Recorded information Block Start

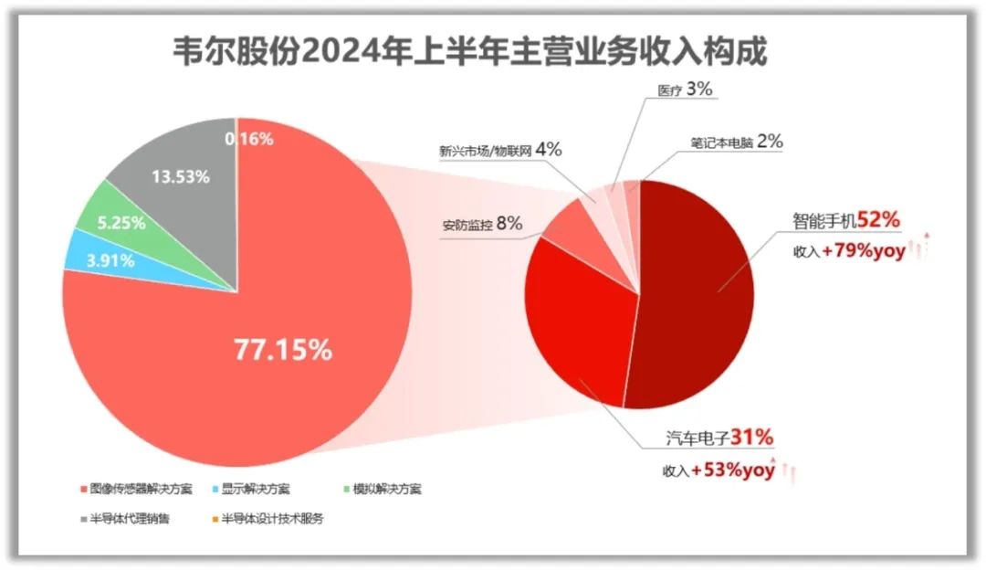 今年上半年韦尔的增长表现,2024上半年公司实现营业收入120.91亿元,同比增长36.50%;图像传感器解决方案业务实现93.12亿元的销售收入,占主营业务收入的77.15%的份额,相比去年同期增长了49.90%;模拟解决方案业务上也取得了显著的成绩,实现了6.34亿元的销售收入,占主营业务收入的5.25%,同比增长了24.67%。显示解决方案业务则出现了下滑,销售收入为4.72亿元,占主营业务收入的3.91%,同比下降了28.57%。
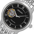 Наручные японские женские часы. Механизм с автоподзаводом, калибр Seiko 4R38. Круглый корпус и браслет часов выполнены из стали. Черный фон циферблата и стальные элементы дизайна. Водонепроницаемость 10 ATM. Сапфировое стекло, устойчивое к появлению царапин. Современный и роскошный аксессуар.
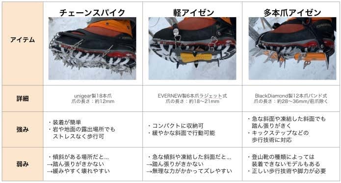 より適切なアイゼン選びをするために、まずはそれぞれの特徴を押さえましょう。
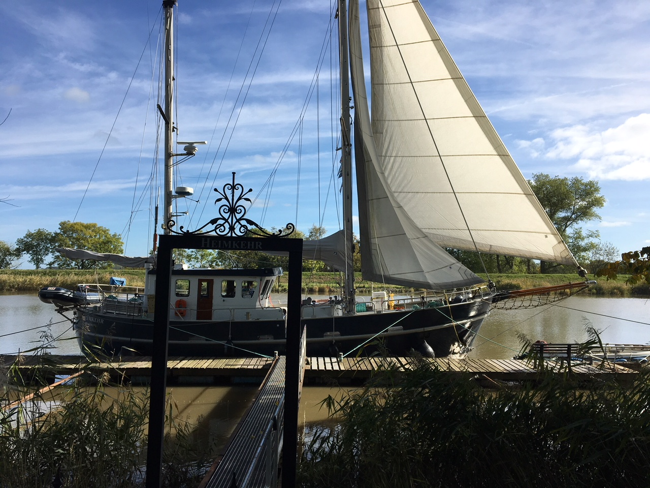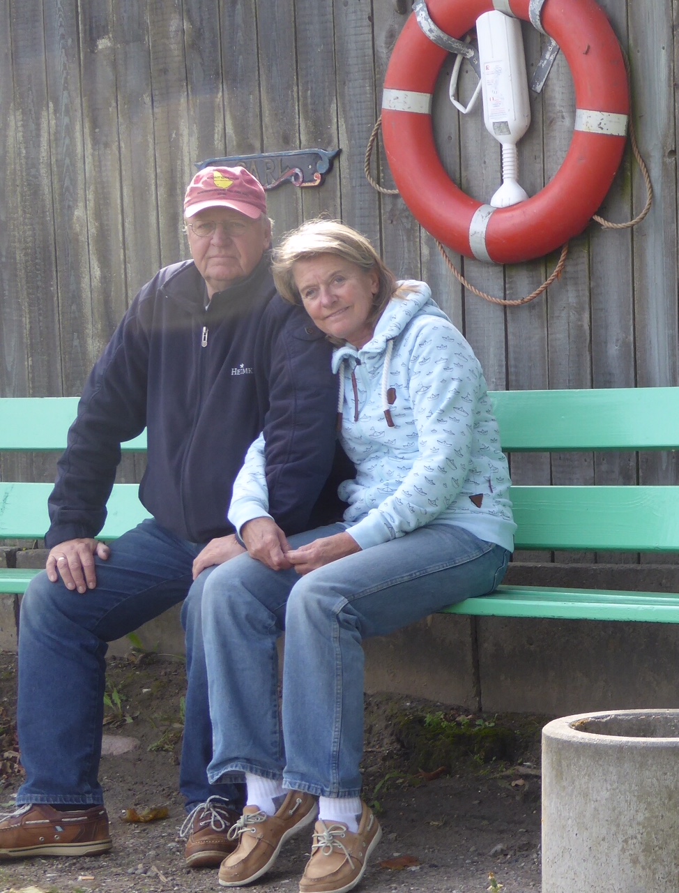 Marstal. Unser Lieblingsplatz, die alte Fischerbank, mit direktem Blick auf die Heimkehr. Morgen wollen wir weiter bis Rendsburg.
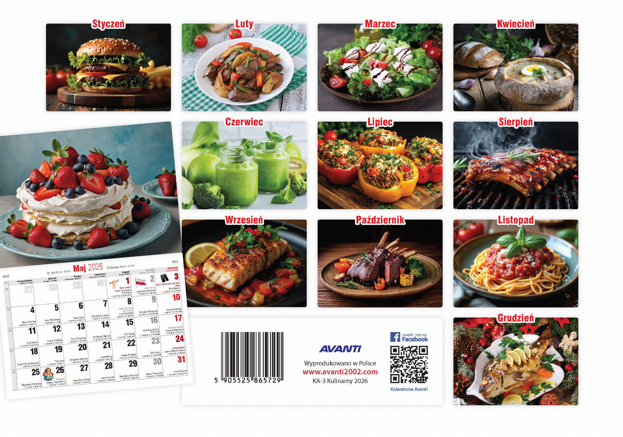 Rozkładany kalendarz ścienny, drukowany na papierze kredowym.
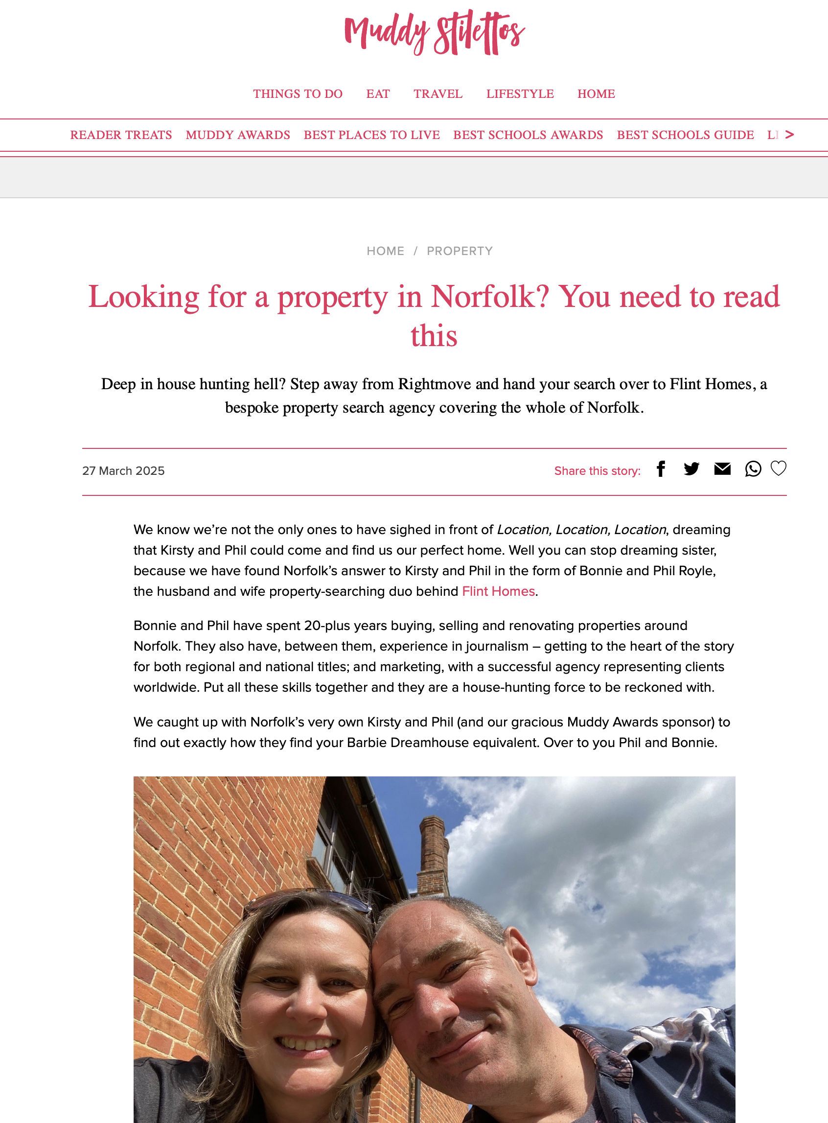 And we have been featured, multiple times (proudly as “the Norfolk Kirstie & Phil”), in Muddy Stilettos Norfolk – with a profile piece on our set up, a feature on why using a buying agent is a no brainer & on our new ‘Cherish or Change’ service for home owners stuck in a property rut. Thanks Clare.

Recorded information Block End

● **Assigned task**: Retype exactly, please, the span from the line holding "Marstal. Unser Lieblingsplatz, die" through the closing line of the data, both ends included, without the pictures.

● **Solution**:
 Marstal. Unser Lieblingsplatz, die alte Fischerbank, mit direktem Blick auf die Heimkehr. Morgen wollen wir weiter bis Rendsburg.
 Rozkładany kalendarz ścienny, drukowany na papierze kredowym.
 And we have been featured, multiple times (proudly as “the Norfolk Kirstie & Phil”), in Muddy Stilettos Norfolk – with a profile piece on our set up, a feature on why using a buying agent is a no brainer & on our new ‘Cherish or Change’ service for home owners stuck in a property rut. Thanks Clare.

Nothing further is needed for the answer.